メルハバ通信

兵庫県高砂市在住。2017年4月まで20年間トルコに滞在。

エルドアン大統領の謝罪

(8月5日)

一昨日(8月3日)、エルドアン大統領は、自分たちがもっと早くギュレン教団の実態を見極めていなければならなかったとして、神と国民から許しを請うた。

これに対して、「責任を追及される前に、先手を打って謝ったんだろう」とか、「野党側にも反省を求める政治的な駆け引きだ」などと冷ややかに見る識者もいれば、「あれだけ信心深い人が神の赦しを請うているのだから意味は大きい」と肯定的に評価する識者もいた。

確かに、まったく政治的な背景のない発言とも思えないが、多くの国民が犠牲になった事件への率直な気持ちは、もちろん含まれていたと信じたい。

ギュレン教団は、70年代より防共政策の中で、国内やアメリカから支援を受けていたと言われている。80年代、オザル政権の時代には、軍や官僚機構へかなりのメンバーが浸潤し始めていたらしい。

故オザル大統領は、フェトフッラー・ギュレン師について、「平気で嘘をつく。あの男の野望はトルコに収まりきらない世界的な規模である」といった評価を下していたそうだが、自身も教団の勢力拡大には、一役買ってしまっていたのではないだろうか。

そして、教団の勢力がAKP政権の下で急成長したのは間違いないけれど、野党のCHPも、2014年以降は教団に接近していたから、AKPばかりを責める訳にもいかない。

やはりエルドアン大統領の言うように、まず反省して、これからどうするのか考えて行かなければならないような気がする。

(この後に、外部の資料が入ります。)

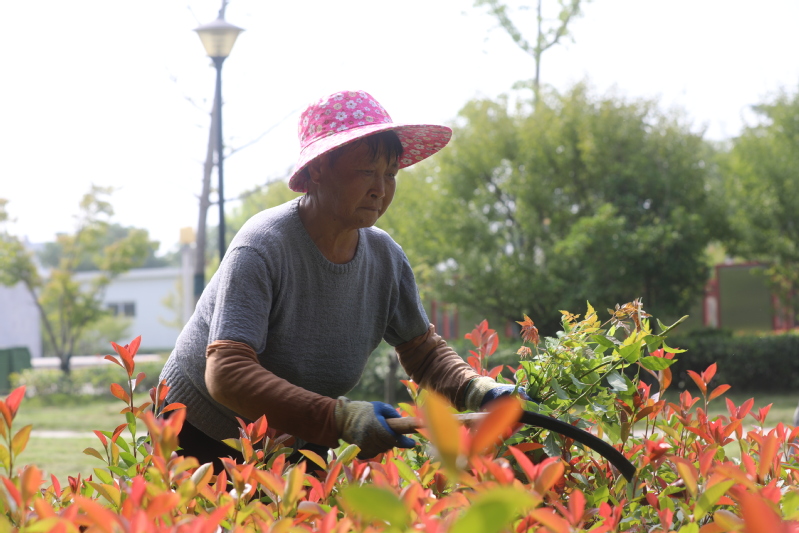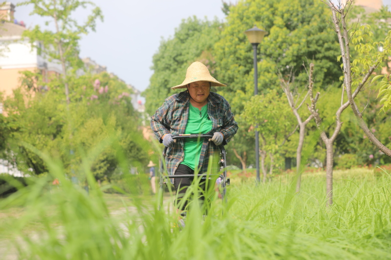 7月27日,寶應(yīng)湖農(nóng)場職工文化公園,7名工人正在為公園綠化除草。越是高溫雜草長得越旺。以席正英為隊長的綠化員們分工合作。草坪上用電動切草機(jī)清理,隨著“隆隆”的機(jī)聲,切碎的草屑在刀頭間飛濺,濺到了工人的身上、飛上了工人的臉龐,刺癢刺癢,淡淡的青草味洋溢在夏日的晨光里。綠化帶里,爬騰類的雜草枝枝蔓蔓,覆蓋的綠化樹上,工人們就用手先拉斷經(jīng)脈,再扯掉枝葉;低矮類的雜草擁擠在綠化樹間,工人們蹲下身子就用手拔、用刀割。當(dāng)天7名工人清理綠化300多平方米。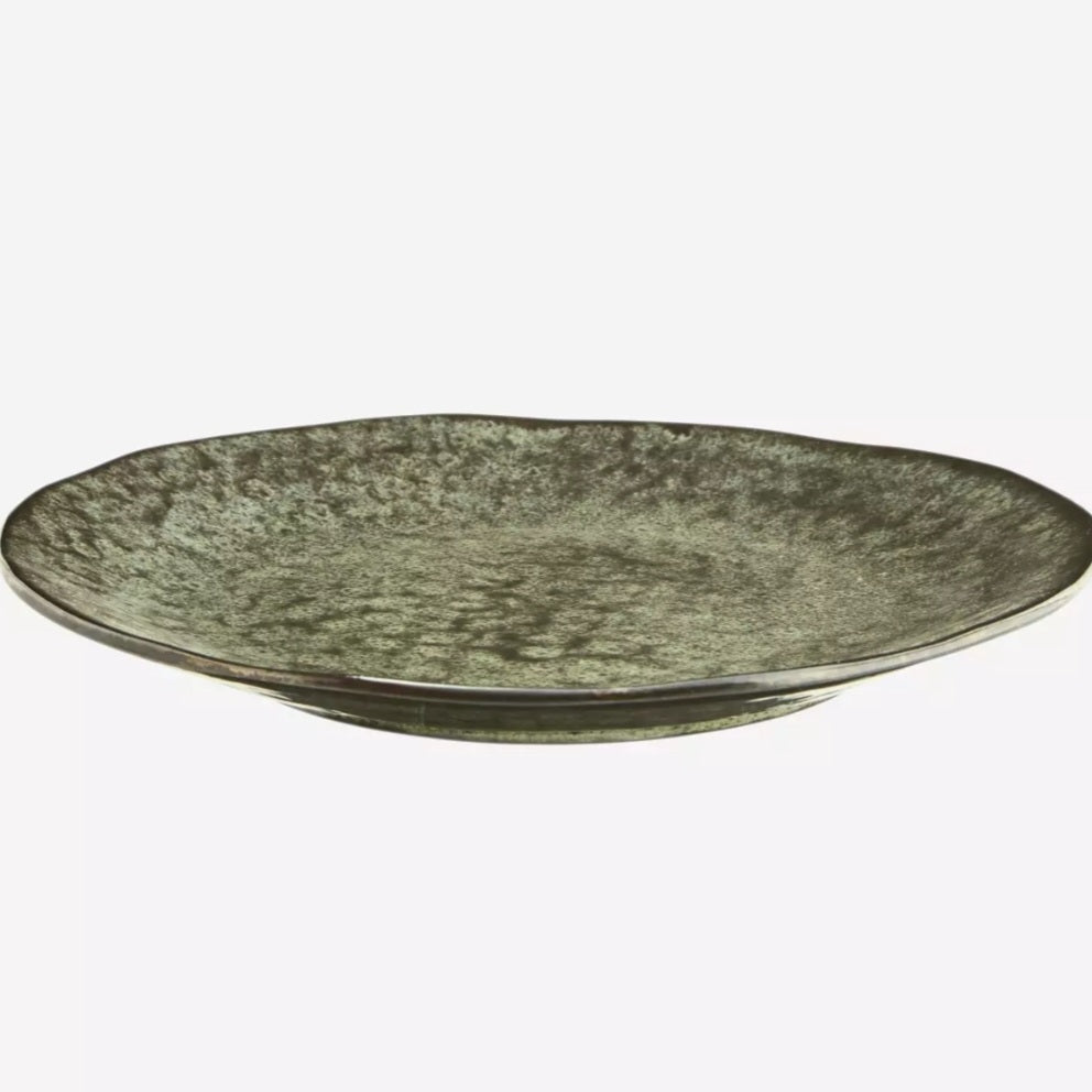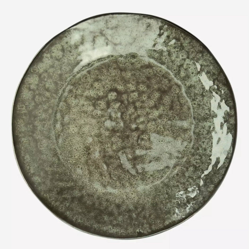 Tallrik Middag Stengods grön/svart

幸い、日曜日(8月7日)にイスタンブールで予定されている「民主主義と犠牲者のための大集会」への出席を断っていたCHPのクルチダルオウル党首も、エルドアン大統領の再三の要請に応えて出席を承諾したという。これで日曜日の大集会には、与野3党が一堂に会することになる。

また、フェトフッラー・ギュレン師の送還を求めて、アメリカへ渡っていた議員団に関する報道では、トルコ国内の「アメリ陰謀論」とは全く異なる次元で、議員団がアメリカの当局者等々に、ギュレン教団が企てたクーデターの詳細と教団の危険性を説明した経過が伝えられている。

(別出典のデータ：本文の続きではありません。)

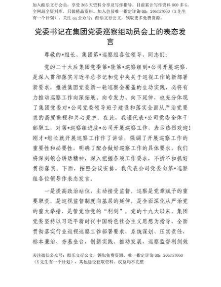 【七哥公文】2025年:【七哥公文】X委书记在集团X委巡察组动员会上的表态发言+更多免费公文+VX:QiGeGongWen2024+更多免费公文+VX:QiGeGongWen2024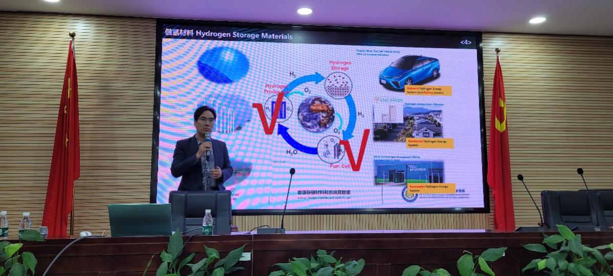 澳门大学邵怀宇副教授做了题为“Hydrogen Energy Storage or LIBs? A research story from mobile to stationary applications(氢能储存还是锂离子电池?从移动应用到固定应用的研究故事)”的精彩报告。在报告中,邵怀宇副教授介绍了氢能存储和锂离子电池的基本工作原理及这两种技术在移动装置和固定设备中的应用和适用性。在总结国内外研究进展基础上,介绍了团队在氢能储存和锂离子电池领域的最新研究成果和研究探索,系统对比了这两种技术在移动应用(如电动车辆)和固定能源系统(如电网储能)两个关键领域中的优缺点,并对未来能源储存技术走向进行了思考和总结。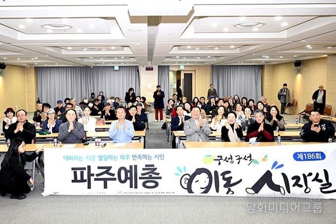 186번째를 맞이한 이번 이동시장실에서는 파주예총 이상주 지회장을 비롯한 파주예총 산하 8개 지부 회원 40여 명이 참석해 지역 예술인들이 현장에서 체감하는 주요 건의사항과 정책 개선방안에 대해 의견을 나눴다.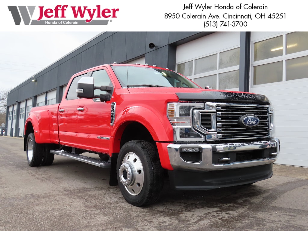 Jeff Wyler Honda of Colerain is honored to offer this terrific 2021 Ford F-450SD Lariat in Race Red. Well equipped with: GVWR: 14,000 lb Payload Package, ABS brakes, Alloy wheels, Compass, Electronic Stability Control, Traction control, 19.5" Forged Polished Aluminum Wheels, 4-Wheel Disc Brakes, Air Conditioning, Brake assist, Delay-off headlights, Dual front impact airbags, Dual front side impact airbags, Dual rear wheels, Exterior Parking Camera Rear, Front anti-roll bar, Front reading lights, Fully automatic headlights, Limited Slip w/4.30 Axle Ratio, Outside temperature display, Overhead airbag, Overhead console, Passenger vanity mirror, Power steering, Rear anti-roll bar, Rear reading lights, Rear step bumper, Split folding rear seat, Steering wheel mounted audio controls, Tachometer, Telescoping steering wheel, Tilt steering wheel, Trip computer, and Variably intermittent wipers.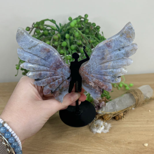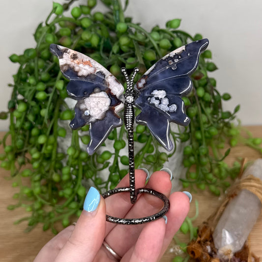 Blue Flower Agate Butterfly Wings On Stand (U808)

証拠のない陰謀論はもちろん、自分たちも教団を支援していたのだから、アメリカの支援を咎めるわけにも行かない。

「トルコでは大変なことになってしまいました。皆さんも気をつけて下さい」とやんわり理解を求めているのではないだろうか?

教団の実態が明らかになるにつれ、トルコと同様、アメリカでも驚きの声が上がってくるかもしれない。そのために、様々な機関や団体へ出向いて、説明を繰り返す方針のようである。